======== Available records ========
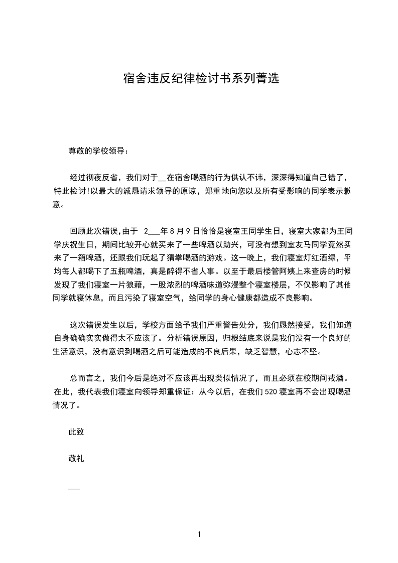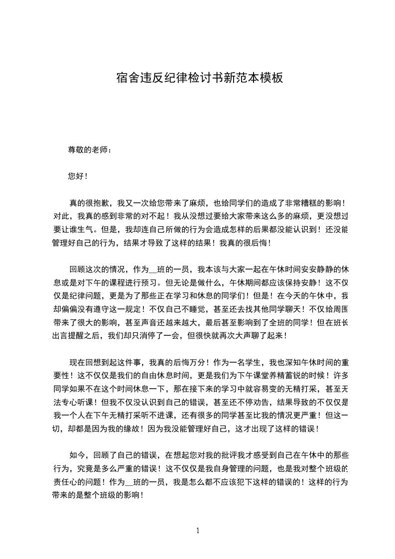 相信老师看到我的态度就会知道我对这件事情的态度,希望老师能够接受我的这篇学校宿舍违反纪律的检讨书。
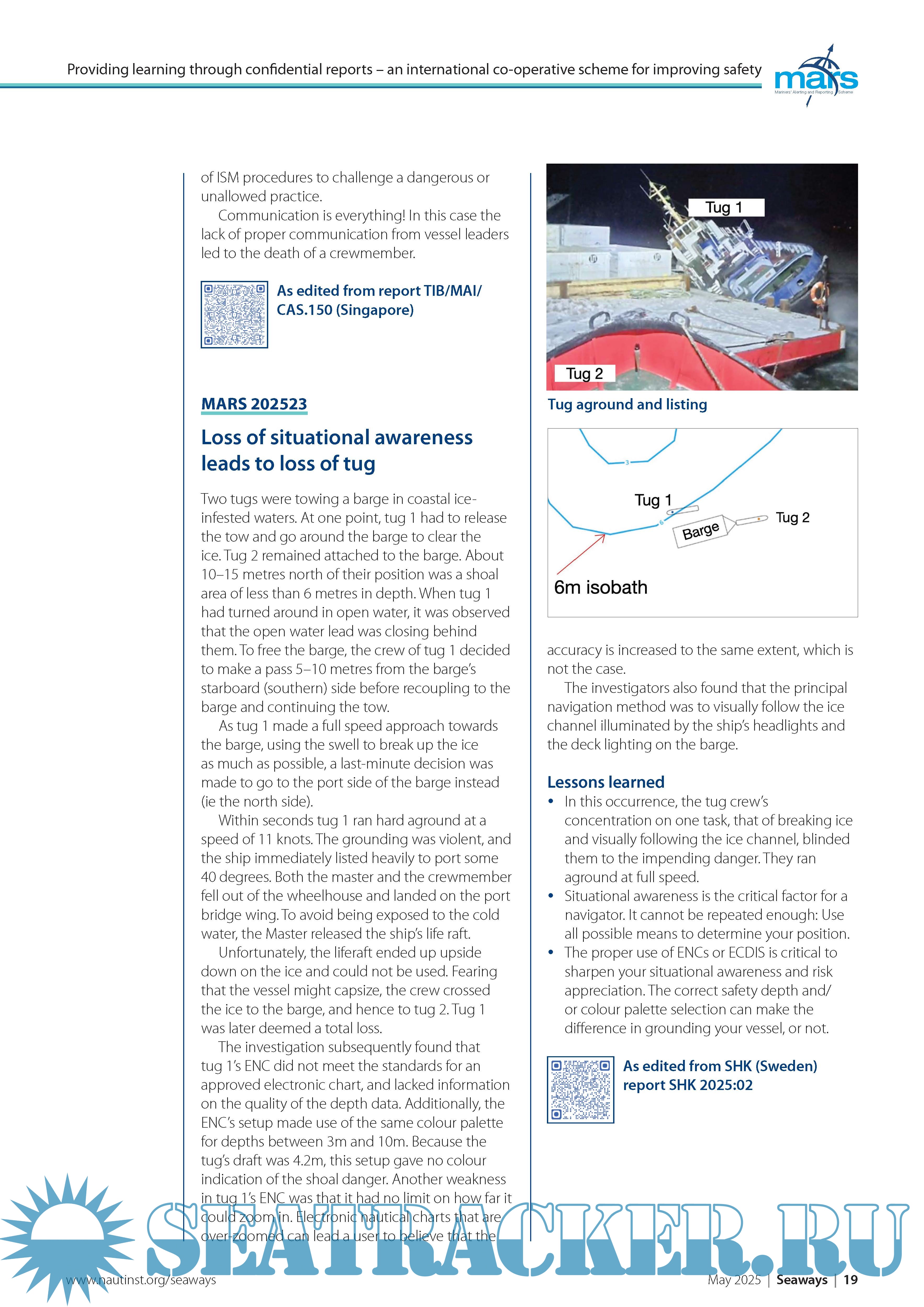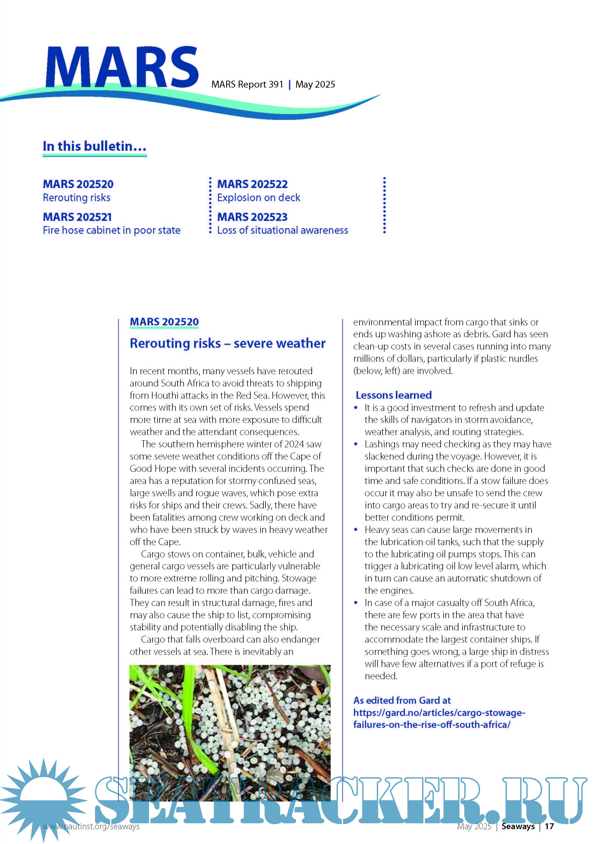 Year: 2025 Language: English Author: The Nautical Institute Genre: Periodical publication Edition: issue 391 May 2025 Format: PDF Quality: eBook Pages count: 4 Description: Providing learning through confidential reports an international co-operative scheme for improving safety. MARS is a searchable database containing reports of accidents and near misses stretching back over a quarter of a century. Funded through the generous support of the Institute's Nautical Affiliate partners, it is one of the maritime industry's leading risk reduction initiatives and is helping to make life safer for seafarers everywhere.
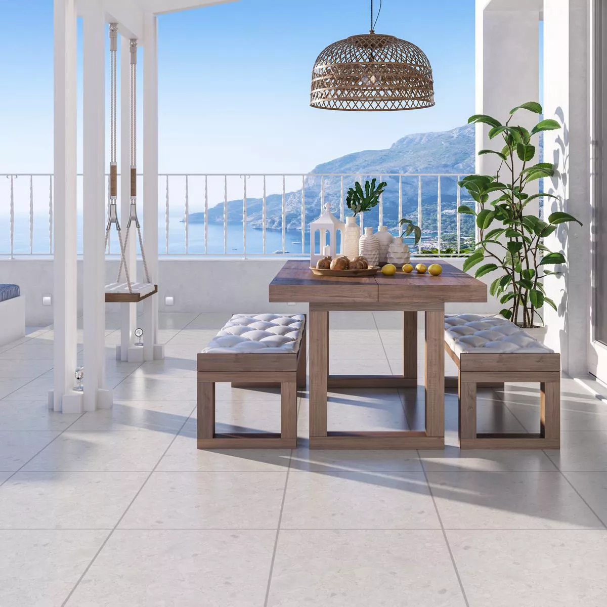 Paneli u toploj bež boji i kvadratnog formata 60 x 60 cm osiguravaju skladan i estetski dizajn. S debljinom od 20 mm nude robusno i dugotrajno rješenje za širok raspon podnih obloga. Mat površina naglašava izgled prirodnog kamena i vašem vanjskom prostoru daje elegantan, prirodan dodir.
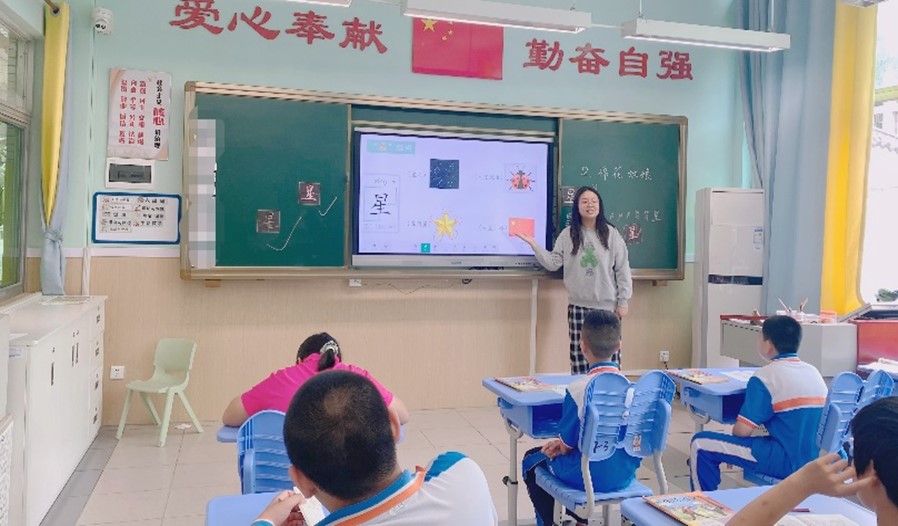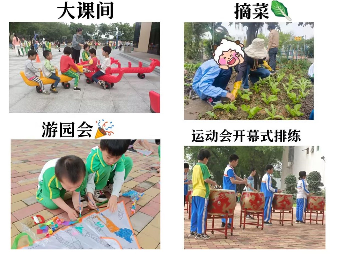 实习开始后,我主要任务在跟班,除了观察与学习班主任和包班老师如何辅导与管理学生,我也与学生一起体验了各种有趣的课堂和丰富的活动。大课间,我辅助一年2班的小朋友跳操、跳圈、划龙车;在学校菜园,我与学生、老师们一起摘菜;游园会,我带学生一起体验有趣的游戏……亲身体验后,我深刻认识到良好的学校环境、丰富的教学资源,不仅让学生的校园生活更有趣,也给教师提供更大的创作空间。
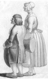 Bemerkenswert ist die in allen Einzelheiten präzise wiedergegebene Kleidung. So trägt der Mann über seinen Kniebundhosen eine zugeknöpfte Weste und drüber einen offenen Rock. Mächtig erscheint der mit einer Spange auf der linken Seite gezierte Zweispitz auf seinem in der typischen Weise von Kuhl gestalteten, durch parallele Kerben strukturierten Haar. Samt dem Hut ist der Mann ebenso groß wie die Frau, die über ihrem langärmeligen Kleid ein doppelgeschlagenes Schultertuch trägt. Vorne an den Enden des Schultertuchs ist mit einer langen Nadel der Latz der Schürze befestigt, die vorne mit einer Schleife verschnürt ist. Den Kopf bedeckt eine flache, unter dem Kinn festgebundene Haube, ebenfalls mit einer Schlaufe geziert und nach vorne hin in Rüschen gefältelt ausgebildet. Sowohl der Mann als auch die Frau tragen Holzschuhe.
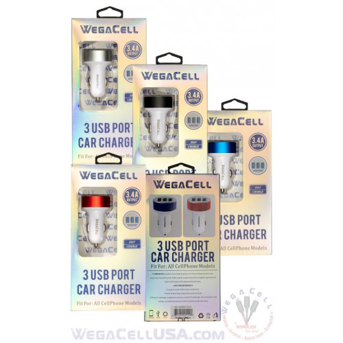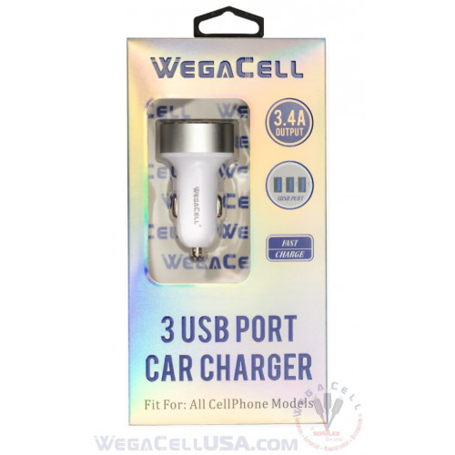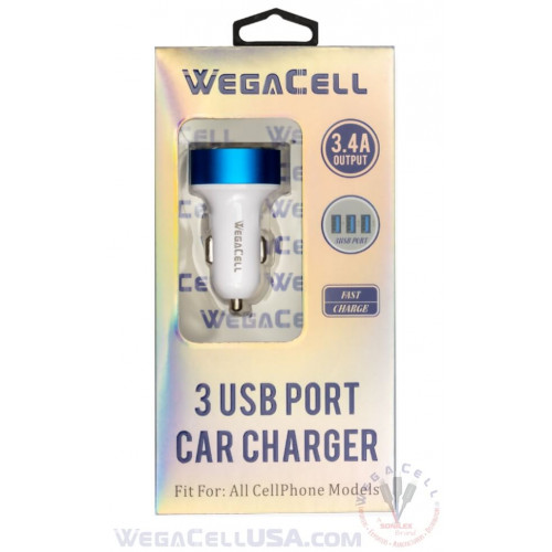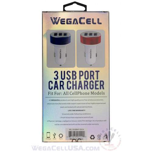 Universal Dual Port Fast Charging USB - Car Charger - WegaCell: WL-3USB47-DCH
========
Could you repeat the data exactly, omitting its pictures?

> _Exercise output_
 相信老师看到我的态度就会知道我对这件事情的态度,希望老师能够接受我的这篇学校宿舍违反纪律的检讨书。
 Year: 2025 Language: English Author: The Nautical Institute Genre: Periodical publication Edition: issue 391 May 2025 Format: PDF Quality: eBook Pages count: 4 Description: Providing learning through confidential reports an international co-operative scheme for improving safety. MARS is a searchable database containing reports of accidents and near misses stretching back over a quarter of a century. Funded through the generous support of the Institute's Nautical Affiliate partners, it is one of the maritime industry's leading risk reduction initiatives and is helping to make life safer for seafarers everywhere.
 Paneli u toploj bež boji i kvadratnog formata 60 x 60 cm osiguravaju skladan i estetski dizajn. S debljinom od 20 mm nude robusno i dugotrajno rješenje za širok raspon podnih obloga. Mat površina naglašava izgled prirodnog kamena i vašem vanjskom prostoru daje elegantan, prirodan dodir.
 实习开始后,我主要任务在跟班,除了观察与学习班主任和包班老师如何辅导与管理学生,我也与学生一起体验了各种有趣的课堂和丰富的活动。大课间,我辅助一年2班的小朋友跳操、跳圈、划龙车;在学校菜园,我与学生、老师们一起摘菜;游园会,我带学生一起体验有趣的游戏……亲身体验后,我深刻认识到良好的学校环境、丰富的教学资源,不仅让学生的校园生活更有趣,也给教师提供更大的创作空间。
 Bemerkenswert ist die in allen Einzelheiten präzise wiedergegebene Kleidung. So trägt der Mann über seinen Kniebundhosen eine zugeknöpfte Weste und drüber einen offenen Rock. Mächtig erscheint der mit einer Spange auf der linken Seite gezierte Zweispitz auf seinem in der typischen Weise von Kuhl gestalteten, durch parallele Kerben strukturierten Haar. Samt dem Hut ist der Mann ebenso groß wie die Frau, die über ihrem langärmeligen Kleid ein doppelgeschlagenes Schultertuch trägt. Vorne an den Enden des Schultertuchs ist mit einer langen Nadel der Latz der Schürze befestigt, die vorne mit einer Schleife verschnürt ist. Den Kopf bedeckt eine flache, unter dem Kinn festgebundene Haube, ebenfalls mit einer Schlaufe geziert und nach vorne hin in Rüschen gefältelt ausgebildet. Sowohl der Mann als auch die Frau tragen Holzschuhe.
 Universal Dual Port Fast Charging USB - Car Charger - WegaCell: WL-3USB47-DCH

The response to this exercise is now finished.